*** DATA SUPPLIED ***
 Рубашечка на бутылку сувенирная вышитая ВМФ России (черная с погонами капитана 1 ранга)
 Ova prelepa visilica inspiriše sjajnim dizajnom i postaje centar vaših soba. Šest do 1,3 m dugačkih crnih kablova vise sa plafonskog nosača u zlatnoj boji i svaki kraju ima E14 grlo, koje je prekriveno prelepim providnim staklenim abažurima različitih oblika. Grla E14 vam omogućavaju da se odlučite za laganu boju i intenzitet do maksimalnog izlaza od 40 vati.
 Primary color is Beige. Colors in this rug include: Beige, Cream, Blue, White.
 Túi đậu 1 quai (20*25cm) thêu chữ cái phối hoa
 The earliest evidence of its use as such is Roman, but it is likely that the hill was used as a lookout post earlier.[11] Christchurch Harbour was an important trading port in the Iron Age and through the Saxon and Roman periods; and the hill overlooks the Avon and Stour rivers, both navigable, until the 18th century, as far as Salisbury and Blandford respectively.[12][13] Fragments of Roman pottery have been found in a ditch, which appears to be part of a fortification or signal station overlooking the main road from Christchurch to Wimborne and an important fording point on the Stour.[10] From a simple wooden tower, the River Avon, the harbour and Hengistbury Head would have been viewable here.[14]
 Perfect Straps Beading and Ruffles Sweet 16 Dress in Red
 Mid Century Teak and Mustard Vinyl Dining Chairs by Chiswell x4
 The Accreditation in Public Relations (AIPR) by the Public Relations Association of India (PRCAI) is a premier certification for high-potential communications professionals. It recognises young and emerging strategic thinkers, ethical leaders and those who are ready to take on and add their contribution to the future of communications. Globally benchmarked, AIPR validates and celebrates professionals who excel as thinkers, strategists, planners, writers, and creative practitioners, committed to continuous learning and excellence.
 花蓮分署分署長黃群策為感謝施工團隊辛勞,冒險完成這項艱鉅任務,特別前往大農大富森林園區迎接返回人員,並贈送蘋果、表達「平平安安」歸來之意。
*** End of DATA SUPPLIED ***
WHAT TO DO
Retype all of the records so that every line matches the original exactly.

ANSWER AREA
 Рубашечка на бутылку сувенирная вышитая ВМФ России (черная с погонами капитана 1 ранга)
 Ova prelepa visilica inspiriše sjajnim dizajnom i postaje centar vaših soba. Šest do 1,3 m dugačkih crnih kablova vise sa plafonskog nosača u zlatnoj boji i svaki kraju ima E14 grlo, koje je prekriveno prelepim providnim staklenim abažurima različitih oblika. Grla E14 vam omogućavaju da se odlučite za laganu boju i intenzitet do maksimalnog izlaza od 40 vati.
 Primary color is Beige. Colors in this rug include: Beige, Cream, Blue, White.
 Túi đậu 1 quai (20*25cm) thêu chữ cái phối hoa
 The earliest evidence of its use as such is Roman, but it is likely that the hill was used as a lookout post earlier.[11] Christchurch Harbour was an important trading port in the Iron Age and through the Saxon and Roman periods; and the hill overlooks the Avon and Stour rivers, both navigable, until the 18th century, as far as Salisbury and Blandford respectively.[12][13] Fragments of Roman pottery have been found in a ditch, which appears to be part of a fortification or signal station overlooking the main road from Christchurch to Wimborne and an important fording point on the Stour.[10] From a simple wooden tower, the River Avon, the harbour and Hengistbury Head would have been viewable here.[14]
 Perfect Straps Beading and Ruffles Sweet 16 Dress in Red
 Mid Century Teak and Mustard Vinyl Dining Chairs by Chiswell x4
 The Accreditation in Public Relations (AIPR) by the Public Relations Association of India (PRCAI) is a premier certification for high-potential communications professionals. It recognises young and emerging strategic thinkers, ethical leaders and those who are ready to take on and add their contribution to the future of communications. Globally benchmarked, AIPR validates and celebrates professionals who excel as thinkers, strategists, planners, writers, and creative practitioners, committed to continuous learning and excellence.
 花蓮分署分署長黃群策為感謝施工團隊辛勞,冒險完成這項艱鉅任務,特別前往大農大富森林園區迎接返回人員,並贈送蘋果、表達「平平安安」歸來之意。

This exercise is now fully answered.